So on the fall evening in question we wandered into a local bodega for libations. They sold wine along with canned beans, Windex, 6 day old tubular meat, and the like. Mind you this was wine in the purely academic sense. It once had been grapes, it sat in a container somewhere, and it contained alcohol. Given my status as both student and person who was fucking atrocious at managing his personal finances, I had with me approximately 7 pounds sterling as bartering chips. My eyes alighted on the perfect junction of lack of funding and dire need to get fucked up: A bottle of Bulgarian Merlot at the very fair price of 2 pounds and 99 pence. Beautiful, I’ll take two my good man! Why only one bottle of Bulgarian bliss when you have currency enough for two, I say? We headed back to the aforementioned dorm flats to the common area kitchen that each shared. By this time all the other international transfers knew that when the English-speaking students were in the common area, it was best to retreat to your own room and double-lock the door. One amongst us, whose name I no longer recall, was the son of an Investment Banker from NYC. Most of the rest of us were your average, run-of-the-mill 19 year olds looking to get fucked up for 4 months with no one to answer to. So was he, but given his upbringing he knew enough that Bulgarian Merlot was not to be trusted and warned me as best he could. I chose to ignore his advice and proceeded to pour myself a very tall wine glass full of the sweet elixir. I recall the name of the wine translating loosely to “The blood of the bull”. Alas, if only it had been actual bull’s blood I could have avoided much suffering. When the corkscrew penetrated the cork it disintegrated as though it had been in a desert for 5,000 years. This is a sure sign that you are about to drink wine of the finest quality. At first sip I was acutely aware that it contained not only some sort of scrub-brush grape-like fruit from the hills of Bulgaria, but also motor fuel, ether, and the petrified screams of children. In this epoch of my youth I did not let trifling matters like burning nostrils and stabbing pains in my abdomen stop me in my pursuit of a buzz. So continue to drink this Eastern Bloc failure tonic, did I. Needless to say the evening is not long on memories.

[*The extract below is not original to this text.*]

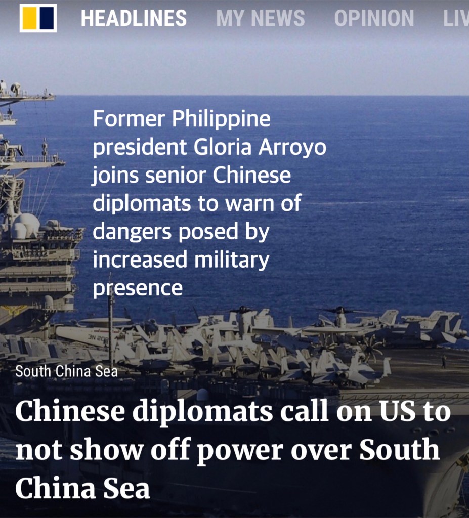 Former Philippine president Gloria Arroyo joins senior Chinese diplomats to warn of dangers posed by increased US military presence at South China Seas
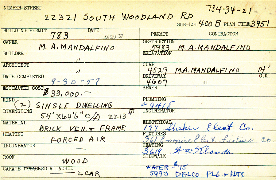 22321 South Woodland Road Shaker Heights, OH 44122 PARCEL ID: 734-34-021 Building Permit Date: 01-29-1957 Plan File Number: 3951 Microfilm Roll: Roll#58 Neighborhood: Mercer Owner: Mandalfino, M. A. Builder: Mandalfino, M. A. Architect: Mandalfino, M. A. Estimated Cost: 33000 Date Completed: 09-30-1957 Kind: Single, Single Residence or Dwelling (2) Material: Brick Veneer and Frame Heating: Forced Air Roof: Wood Garage: attached 2 car |

I awoke the following morning, which is to say my short, labored breaths, heart palpitations, and blue-skinned cold sweating was interrupted by a period of painful wakefulness. At this moment I knew what a recovering heroine addict felt like. I realized at that very moment that failure was one possible outcome in life. The room swayed like a boat in rough seas. Though I have no proof and have never been certain if in fact this happened, I could have sworn there was an old Asian woman squatting in the corner, wafting incense in the direction of my soon-to-be corpse, reading chicken bones and chanting benedictions in an extinct language. I am confident that during the remainder of that morning, as the skies blackened and the rain fell, Crom and Satan himself fought a pitched battle for my soul. I like to think Crom won, but that is a matter for historians to decide. The bards and minstrels still sing of the “The Night Of the Bull’s Blood” at royal court banquets to this day, or so I’ve been told.
And that, my friends, is the worst wine I ever drank.